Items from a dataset
────────

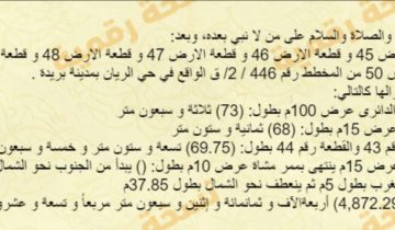 • شرقًا: قطعة رقم 44 بطول (69.75) تسعة وستون مترًا وخمسة وسبعون سنتيمترًا
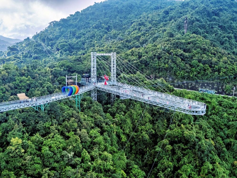 ▲ 呀诺达热带雨林坐落在北纬18°原生态热带雨林之上,年均气温24℃,负氧离子每立方米含量达两万,是名副其实的“天然氧吧”,也是原生态的“植物基因库”。优越的气候与地理环境,孕育了一个绮丽的绿色雨林秘境。园内有雨林谷景区、三道谷、梦幻谷等标志性景观,苍翠绵延,多姿多彩,大自然的纯璞与奇特蕴含其中。
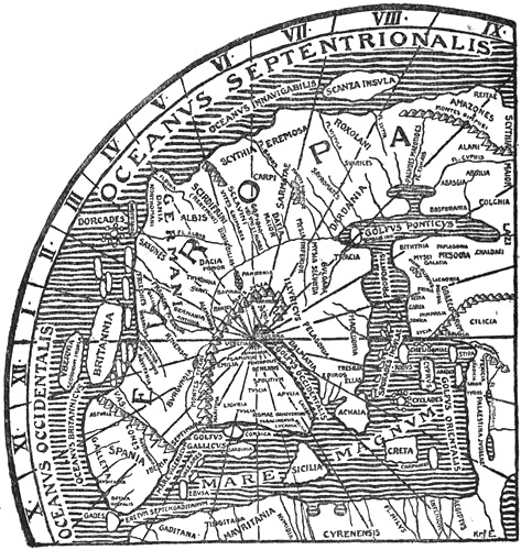 The conception of the earth’s form and of its uttermost limits was thus by no means consistent, and on some points it was contradictory. We must always, and especially in dealing with past times, distinguish between the views of the scientific world and those of ordinary people, two aspects which were often hopelessly mixed together. And again in the scientific[Pg 13] world we must distinguish between the mathematical-physical geographers and the historical, since the latter dealt more with descriptions and were apt to follow accounts and legends rather than what was taught by physical observations.
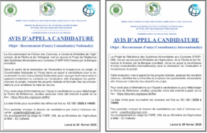 AVIS D’APPEL A CANDIDATURE Objet : Recrutement d’un(e) Consultant(e) National(e) et International(e)
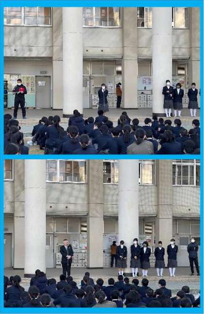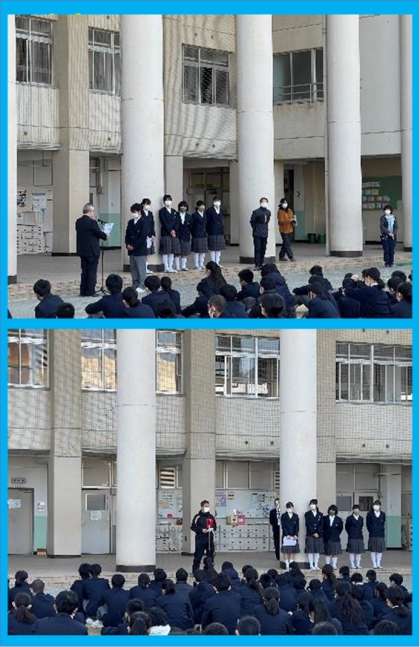 3月に入り一気に暖かくなり、青空の下、運動場で全校集会が行われました。
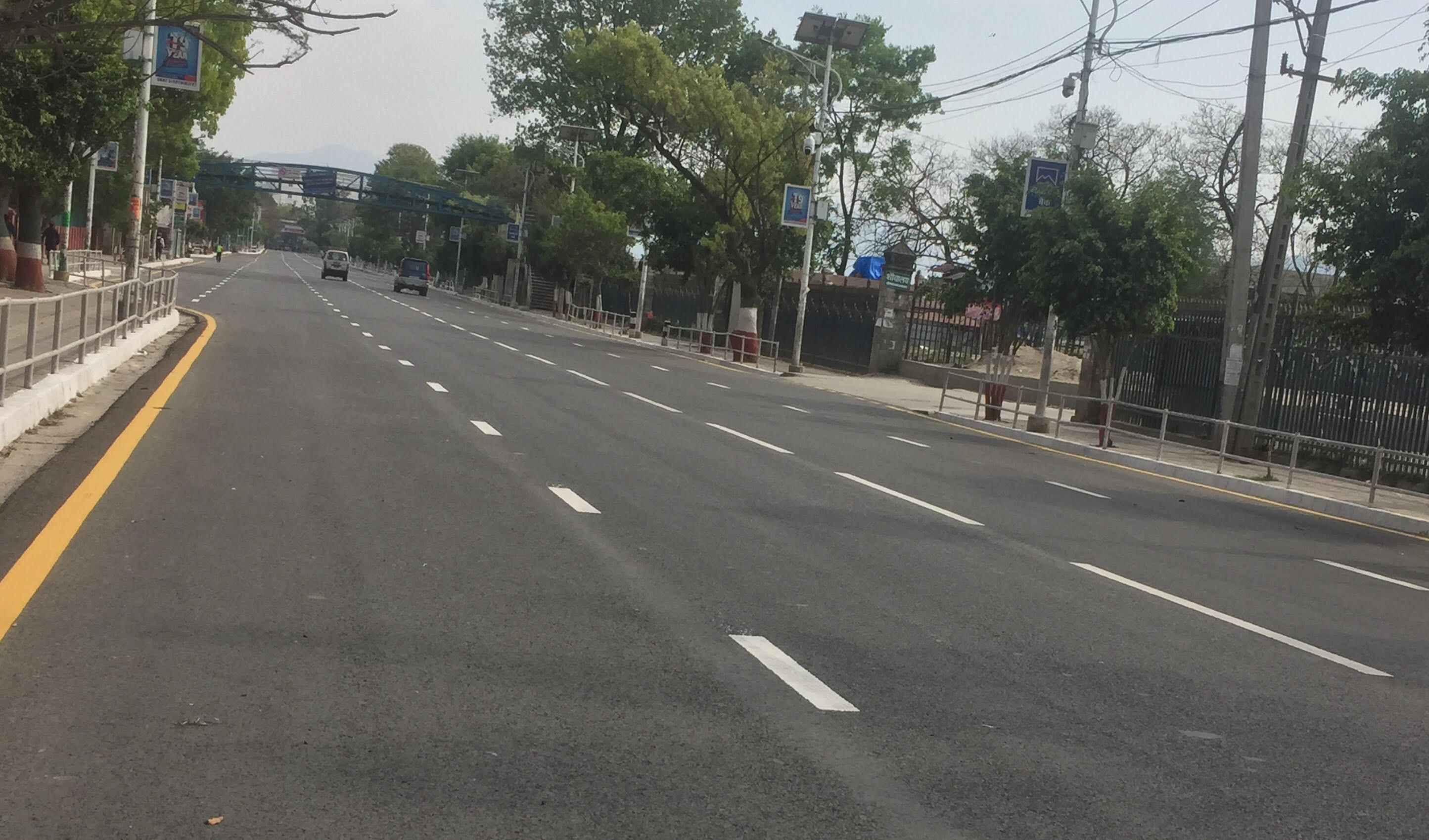 काठमाडौं, चैत्र ३० गते आईतबार । कोरोना भाइरस (कोभिड–१९)का कारण बन्दाबन्दी (लकडाउन) गरिएपछि जनजीवनमा असजिलो भए पनि कतिपय कामलाई भने सहज भएको छ । काठमाडौँ उपत्यकामा कालोपत्रे (ओभर–ले) गरिएका सडकमा ट्राफिक चिह्न निर्माण तथा रङरोगनका लागि भने अहिले सहज भएको छ ।
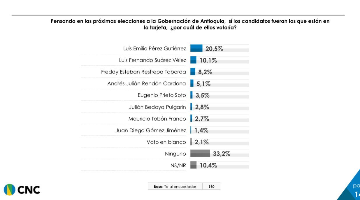 Uno de los temas que conversaron tiene que ver con la encuesta contratada por Independientes. Esta encuesta la hace el Centro Nacional de Consultoría. La muestra fue de 1.051 encuestas presenciales hechas entre el 11 y el 13 de marzo. La encuesta la puntea Luis Perez, con 20,5%. Le siguen Luis Fernando Suárez, con 10,1%; Esteban Restrepo, de independientes, con 8,2%, y más abajo, en el sexto lugar, está Julián Bedoya, con el 2,8%.
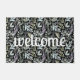 Moderne Blauwgroen Botanische Patroon Witte Welkomstdeurmat. Vette typografie.
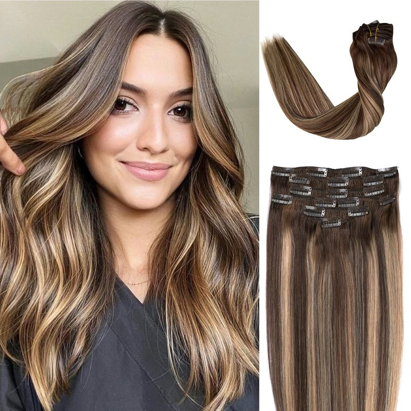 Clip in Hair Extensions, Human Hair 7Pcs 120g Clip in Extensions,Ombre Chocolate Brown to Honey Blonde Highlights Balayage Real Hair Extensions Clip in Straight Remy Human Hair Extensions 14 Inch
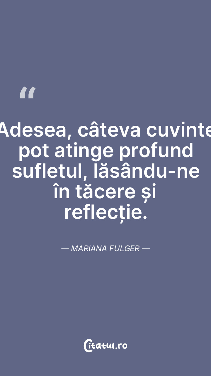 Adesea, câteva cuvinte pot atinge profund sufletul, lăsându-ne în tăcere și reflecție. Mariana Fulger
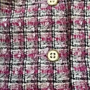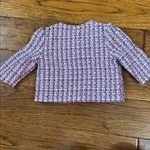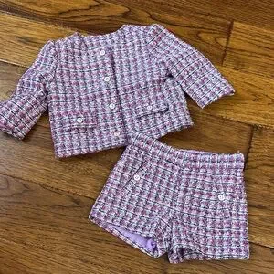 Chic tweed jacket and shorts set in pink and white. Features button details and a stylish design. Jacket is a 2 and shorts are 18/24 with an adjustable waist and side zipper
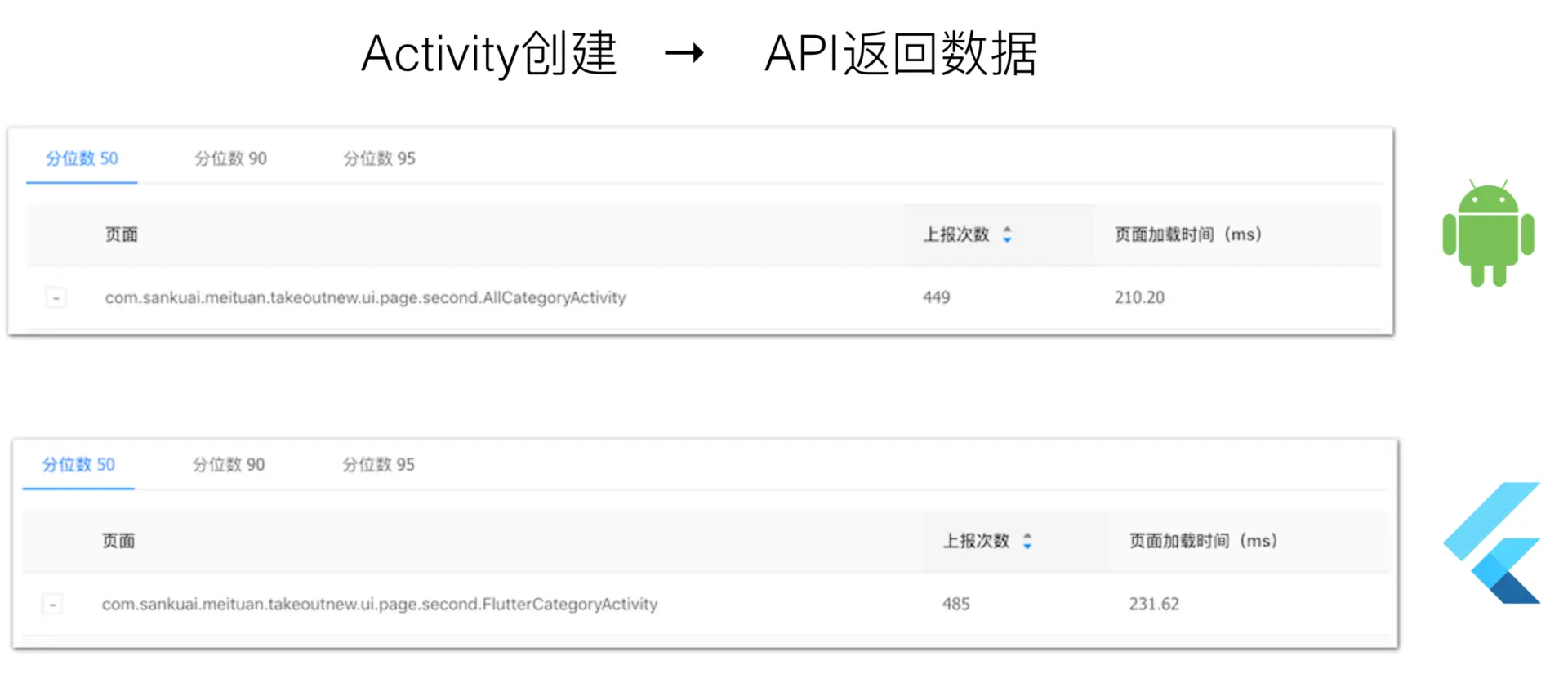 统计了400+次的数据,原生平均加载时间为210.20ms,flutter为231.62ms。可以看到flutter的性能几乎和原生开发时一致。
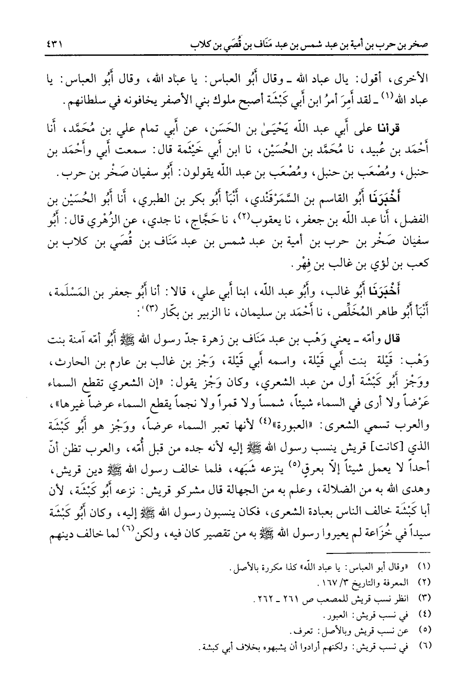 الأخرى أقول يال عباد الله وقال أبو العباس يا عباد الله وقال أبو العباس يا عباد الله (1) لقد أمر أمر ابن أبي كبشة أصبح ملوك بني الأصفر يخافونه في سلطانهم قرأنا على أبي عبد الله يحيى بن الحسن عن أبي تمام علي بن محمد أنا أحمد بن عبيد نا محمد بن الحسين نا ابن أبي خيثمة قال سمعت أبي وأحمد بن حنبل ومصعب بن حنبل ومصعب بن عبد الله يقولون أبو سفيان صخر بن حرب أخبرنا أبو القاسم بن السمرقندي أنبأ أبو بكر بن الطبري أنا أبو الحسين بن الفضل أنا عبد الله بن جعفر نا يعقوب (2) نا حجاج نا جدي عن الزهري قال أبو سفيان صخر بن حرب بن أمية بن عبد شمس بن عبد مناف بن قصي بن كلاب بن كعب بن لؤي بن غالب بن فهر أخبرنا أبو غالب وأبو عبد الله ابنا أبي علي قالا أنا أبو جعفر بن المسلمة أنبأ أبو طاهر المخلص نا أحمد بن سليمان نا الزبير بن بكار (3) قال وأمه يعني وهب بن عبد مناف بن زهرة جد رسول الله (صلى الله عليه وسلم) أبو أمه آمنة بنت وهب قيلة بنت أبي قيلة واسمه أبي قيلة وجز بن غالب بن عارم بن الحارث ووجز أبو كبشة أول من عبد الشعري وكان وجز يقول إن الشعري تقطع السماء عرضا ولا أرى في السماء شيئا شمسا ولا قمرا ولا نجما يقطع السماء عرضا غيرها والعرب تسمي الشعرى العبورة (4) لأنها تعبر السماء عرضا ووجز هو أبو كبشة الذي كانت قريش ينسب رسول الله (صلى الله عليه وسلم) إليه لأنه جده من قبل أمه والعرب تظن أن أحدا لا يعمل شيئا إلا بعرق (5) ينزعه شبهه فلما خالف رسول الله (صلى الله عليه وسلم) دين قريش وهدى الله به من الضلالة وعلم به من الجهالة قال مشركو قريش نزعه أبو كبشة لأن أبا كبشة خالف الناس بعبادة الشعرى فكان ينسبون رسول الله (صلى الله عليه وسلم) إليه وكان أبو كبشة سيدا في خزاعة لم يعيروا رسول الله (صلى الله عليه وسلم) به من تقصير كان فيه ولكن (6) لما خالف دينهم

────────

◆ Exercise objective ◆
In your copy, reproduce the data above exactly and skip every picture.

◆ Solution to this exercise ◆
 • شرقًا: قطعة رقم 44 بطول (69.75) تسعة وستون مترًا وخمسة وسبعون سنتيمترًا
 ▲ 呀诺达热带雨林坐落在北纬18°原生态热带雨林之上,年均气温24℃,负氧离子每立方米含量达两万,是名副其实的“天然氧吧”,也是原生态的“植物基因库”。优越的气候与地理环境,孕育了一个绮丽的绿色雨林秘境。园内有雨林谷景区、三道谷、梦幻谷等标志性景观,苍翠绵延,多姿多彩,大自然的纯璞与奇特蕴含其中。
 The conception of the earth’s form and of its uttermost limits was thus by no means consistent, and on some points it was contradictory. We must always, and especially in dealing with past times, distinguish between the views of the scientific world and those of ordinary people, two aspects which were often hopelessly mixed together. And again in the scientific[Pg 13] world we must distinguish between the mathematical-physical geographers and the historical, since the latter dealt more with descriptions and were apt to follow accounts and legends rather than what was taught by physical observations.
 AVIS D’APPEL A CANDIDATURE Objet : Recrutement d’un(e) Consultant(e) National(e) et International(e)
 3月に入り一気に暖かくなり、青空の下、運動場で全校集会が行われました。
 काठमाडौं, चैत्र ३० गते आईतबार । कोरोना भाइरस (कोभिड–१९)का कारण बन्दाबन्दी (लकडाउन) गरिएपछि जनजीवनमा असजिलो भए पनि कतिपय कामलाई भने सहज भएको छ । काठमाडौँ उपत्यकामा कालोपत्रे (ओभर–ले) गरिएका सडकमा ट्राफिक चिह्न निर्माण तथा रङरोगनका लागि भने अहिले सहज भएको छ ।
 Uno de los temas que conversaron tiene que ver con la encuesta contratada por Independientes. Esta encuesta la hace el Centro Nacional de Consultoría. La muestra fue de 1.051 encuestas presenciales hechas entre el 11 y el 13 de marzo. La encuesta la puntea Luis Perez, con 20,5%. Le siguen Luis Fernando Suárez, con 10,1%; Esteban Restrepo, de independientes, con 8,2%, y más abajo, en el sexto lugar, está Julián Bedoya, con el 2,8%.
 Moderne Blauwgroen Botanische Patroon Witte Welkomstdeurmat. Vette typografie.
 Clip in Hair Extensions, Human Hair 7Pcs 120g Clip in Extensions,Ombre Chocolate Brown to Honey Blonde Highlights Balayage Real Hair Extensions Clip in Straight Remy Human Hair Extensions 14 Inch
 Adesea, câteva cuvinte pot atinge profund sufletul, lăsându-ne în tăcere și reflecție. Mariana Fulger
 Chic tweed jacket and shorts set in pink and white. Features button details and a stylish design. Jacket is a 2 and shorts are 18/24 with an adjustable waist and side zipper
 统计了400+次的数据,原生平均加载时间为210.20ms,flutter为231.62ms。可以看到flutter的性能几乎和原生开发时一致。
 الأخرى أقول يال عباد الله وقال أبو العباس يا عباد الله وقال أبو العباس يا عباد الله (1) لقد أمر أمر ابن أبي كبشة أصبح ملوك بني الأصفر يخافونه في سلطانهم قرأنا على أبي عبد الله يحيى بن الحسن عن أبي تمام علي بن محمد أنا أحمد بن عبيد نا محمد بن الحسين نا ابن أبي خيثمة قال سمعت أبي وأحمد بن حنبل ومصعب بن حنبل ومصعب بن عبد الله يقولون أبو سفيان صخر بن حرب أخبرنا أبو القاسم بن السمرقندي أنبأ أبو بكر بن الطبري أنا أبو الحسين بن الفضل أنا عبد الله بن جعفر نا يعقوب (2) نا حجاج نا جدي عن الزهري قال أبو سفيان صخر بن حرب بن أمية بن عبد شمس بن عبد مناف بن قصي بن كلاب بن كعب بن لؤي بن غالب بن فهر أخبرنا أبو غالب وأبو عبد الله ابنا أبي علي قالا أنا أبو جعفر بن المسلمة أنبأ أبو طاهر المخلص نا أحمد بن سليمان نا الزبير بن بكار (3) قال وأمه يعني وهب بن عبد مناف بن زهرة جد رسول الله (صلى الله عليه وسلم) أبو أمه آمنة بنت وهب قيلة بنت أبي قيلة واسمه أبي قيلة وجز بن غالب بن عارم بن الحارث ووجز أبو كبشة أول من عبد الشعري وكان وجز يقول إن الشعري تقطع السماء عرضا ولا أرى في السماء شيئا شمسا ولا قمرا ولا نجما يقطع السماء عرضا غيرها والعرب تسمي الشعرى العبورة (4) لأنها تعبر السماء عرضا ووجز هو أبو كبشة الذي كانت قريش ينسب رسول الله (صلى الله عليه وسلم) إليه لأنه جده من قبل أمه والعرب تظن أن أحدا لا يعمل شيئا إلا بعرق (5) ينزعه شبهه فلما خالف رسول الله (صلى الله عليه وسلم) دين قريش وهدى الله به من الضلالة وعلم به من الجهالة قال مشركو قريش نزعه أبو كبشة لأن أبا كبشة خالف الناس بعبادة الشعرى فكان ينسبون رسول الله (صلى الله عليه وسلم) إليه وكان أبو كبشة سيدا في خزاعة لم يعيروا رسول الله (صلى الله عليه وسلم) به من تقصير كان فيه ولكن (6) لما خالف دينهم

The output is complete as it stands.